ROC analysis is used in many types of research.  I use it to examine the ability of molecular docking to enrich a list of poses for experimental hits.  This is a pretty standard way to compare the effectiveness of docking methodologies and make adjustments in computational parameters.

An example ROC plot on a randomly generated dataset
An example ROC plot on randomized data

Normally this kind of plot would take at least an hour to make by hand in Excel, so I wrote a function in R that generates a publication-quality ROC plot on the fly.  This is handy if you want to play around with the hit threshold of the data (i.e., the binding affinity) or experiment with different scoring functions.

According to wikipedia:

a receiver operating characteristic (ROC), or simply ROC curve, is a graphical plot which illustrates the performance of a binary classifier system as its discrimination threshold is varied. It is created by plotting the fraction of true positives out of the total actual positives (TPR = true positive rate) vs. the fraction of false positives out of the total actual negatives (FPR = false positive rate), at various threshold settings.

There are already several ROC plot calculators on the web.  But I wanted to write my own using the R statistical language owing to its ability to produce very high-quality, clean graphics.  You can find the code here:

https://github.com/mchimenti/data-science-coursera/blob/master/roc_plot_gen.R

The function takes a simple 2 column input in csv format.   One column is “score,” the other is “hit” (1 or 0).   In the context of docking analysis, “score” is the docking score and hit is whether or not the molecule was an experimental binder.   The area-under-curve is calculated using the “trapz” function from the “pracma” (practical mathematics) package.

 

Improve your docked poses with receptor flexibility

I have noticed that rigid docking methods, even when run with high-precision force fields, don’t always capture the correct poses for your true positives.  Sometimes a hit will be docked somewhere other than into the site that you specified because the algorithm could not fit the molecule into the rigid receptor.  This will cause true positives to be buried at the bottom of your ranked list.

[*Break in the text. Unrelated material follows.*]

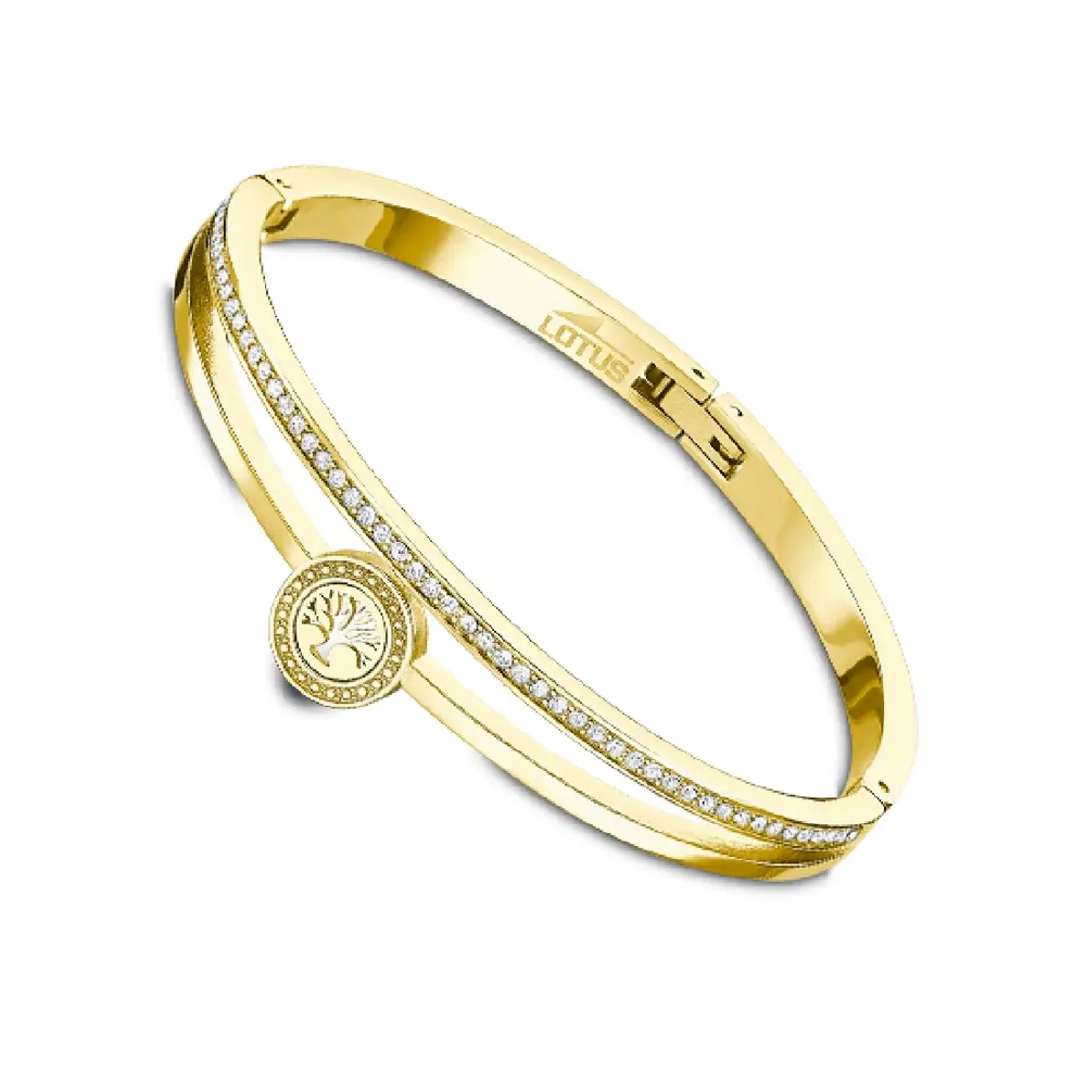 Elegantna čvrsta ženska narukvica brenda Lotus. Ono što ovu narukvicu čini posebnom i romantičnom je privezak u obliku drveta života upotpunjen cirkonima koji joj pružaju svetlucav sjaj . Nežna je i posebna, namenjena damama sa stilom.

You may want to try introducing receptor flexibility to improve the poses of your true positives.  There are two main ways to do this:  scale down the Van der Waals interactions to mimic flexibility (i.e., make the receptor atoms “squishy”) or use induced-fit docking (IFD) methods.  I have found that while setting a lower threshold for VdW scaling can rescue false negatives (poorly docked true binders), at least in one case, it does not improve the overall ranking of all of the true positives.  So it is not a panacea.

Induced fit methods work by mutating away several side chains in the binding pocket, docking a compound, mutating the side chains back, and energy minimizing the structure.  Then the compound is re-docked to the minimized structure using a high-precision algorithm.  There are two main applications for IFD: (1) improving the pose of a true positive that cannot be docked correctly by rigid docking and (2) rescuing false negatives.

My experience has been that IFD improves the docking scores of true positives and false positives by about the same amount, so the value of running the method on an entire library remains unclear.  However, there is much value in running IFD on a true hit where you are not sure the rigid pose is optimal.  Often, the improvement in the shape complementarity and number of interactions will be dramatic.

Also, you can use the alternative receptor conformations generated by IFD to a true positive to rescreen your library with faster rigid docking methods.  If you are screening on a prospective basis, this approach could help you identify other chemotypes that may bind well but are missed in a first pass rigid docking screen.